The two creatures paused. No man with a piece of property in Eta Carina gets to take it away with 'em before paying their debts. So if this was real...
"I think it's time to shell out for some chips. How does the thirtieth floor sound?"
"You said it, sister. Heard there's a heist coming up somewhere. Wonder if this is the place that's got the tempting grease they want to skim?"
"Nah, they wouldn't waste their time on anything that's not uptown. Would they?"
---
Tschichold eventually returned - pushing past dazzled, gaping onlookers - to a twenty yard mural of a nude superstar, one 'Jill Traynor', he was told. Silver and gold coinage was depicted spilling like waterfalls from her teats and groin, almost completely censoring them. Her eyes were nebulae full of gold and silver stars, and a long, green tongue stretched from her lips to the sky to catch a diamond drop of poisoned nectar from the finger of a massive, rainbow-patterned, one-eyed demon.
The six-armed brothers finished the final touches on her ruby toenails, one collapsing and the other bowing in supplication beneath the single white eye of the esteemed Boss of Floor.
Said Boss of Floor considered it, but had no choice but to nod in careful approval. "...Not bad!"
In the background, a gawking staffer almost misdialed the newest set of holographic fliers he was plugging into the Loop's building-wide advertisement system... An ad for the latest scheme Aaron had devised to get massive amounts of liquid cash into the business all at once.
Mixed fighting matches. Half the entrance price of other matches throughout Eta Carina, thanks to having only a third of the security. Fiftieth floor, above the ceiling of the vault. No bet is too high.
---
"You're baiting open robbery."
"Whatever gave you that idea, Harrison?"
Aaron stood with his assistant on a balcony inside the Loop's vault. Its newly-expanded vault.
Its newly... transparent vault.
Fabrication drones sped through the air around the inside of the massive column in straight lines, as if on rails, arms sparking in blue with the energy for the walls' finishing touches. The hotel's most sacred chamber was now an absurd opening from the first floor through the forty-ninth, clear polymer walls displaying its contents for every patron on every gambling level.
And, what contents!
Chips and chips and chips cascaded down and up a massive rotating helix, a rainbow of colors for a rainbow of credit amounts. Floating drones dipped into it with what looked like wheelbarrows, shuttling winnings off to lucky gamblers, pouring in the lucre lifeblood of the most recent loser, or filling up a monetary discharge for the next batch of fresh equipment. The lift-pods were exposed inside the column... you could see the slavering new customers dirtying the thin elevator glass with their palms and appendages, that thin film all that was separating them from more wealth than they could dream of possessing. Even the arena under construction above it had a crystal floor... the contenders would be fighting above the very chips that were placed on or against them.

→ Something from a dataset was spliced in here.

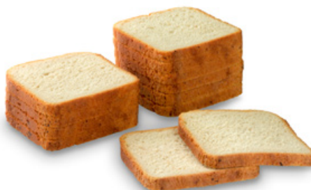
1555 | Super sendvič | BK | 550 g

CELOZRNNÁ ŽITNÁ MOUKA, SLUNEČNICE, ROSTLINNÉ VYHONKY

It was a forty-nine story fountain of money. A hoard with no dragon to guard it. And it was growing by the moment.
"If anything, this is more secure, my fine assistant. You mentioned yourself the recently-discovered irregularities in our former, electronic payout system."
"Why so much, so quickly, Mister Abstract?"
"I'm building another engi-... You know, never mind. You'll see it in due time."
They stood a bit longer, listening to the high-pitched whines of drones installing new projectors along the vault walls.
"It won't work, you know. You'll get some spectators... but nobody expects the heist to be anywhere but uptown. There just aren't big enough fish in this part of town, to b-"
Harrison caught an almost glowing smirk from the wizard, realizing his mistake.
"Ah, of course you would... you know, the move would be the perfect occasion to rename the hotel. I always found the name rather... uninspired."
"No, I like it."
The pair strolled away from the balcony. "I mean, think about it, Harrison. A "Feedback Loop". It's rather fitting, don't you think?"
"What do I think? I think we should find something to brace ourselves with. Modular relocation tends to be a... shaky affair."
As they vanished into the hallway, projections blinked to life across the vault's glistening, see-through walls. Gamblers were presented with a massive slogan, scrolling back and forth in all languages, gold lettering shouting its message unmissably to all who would glance at the vault's ostentatious show:
"Look, I'm tellin' ya, I've godda busted limiter in my right arm! I can't take her back to some station or the scanners'd have 'em lock me down for forced maintenance! I can't lose a full 70-hour shift over this fleshy brat, let alone cover the mistakes they're bound to make! I'm a rare line of factory work, get whaddi'm sayin'?"
"It's fine, Tammy, this isn't about that. We've got orders for reassignment from the top, you and her. The new floor boss is taking care of the details."
"Wait, her?!" Freefall dangled unresisting from one of Tammy's claws, rolling her eyes. "And what'd the bastard new organic management do with Demitrix?"
"Promoted her, actually. You might be getting lucky. Unfortunately, it's up to the new manic-depressive-excessive semi-human oil painting."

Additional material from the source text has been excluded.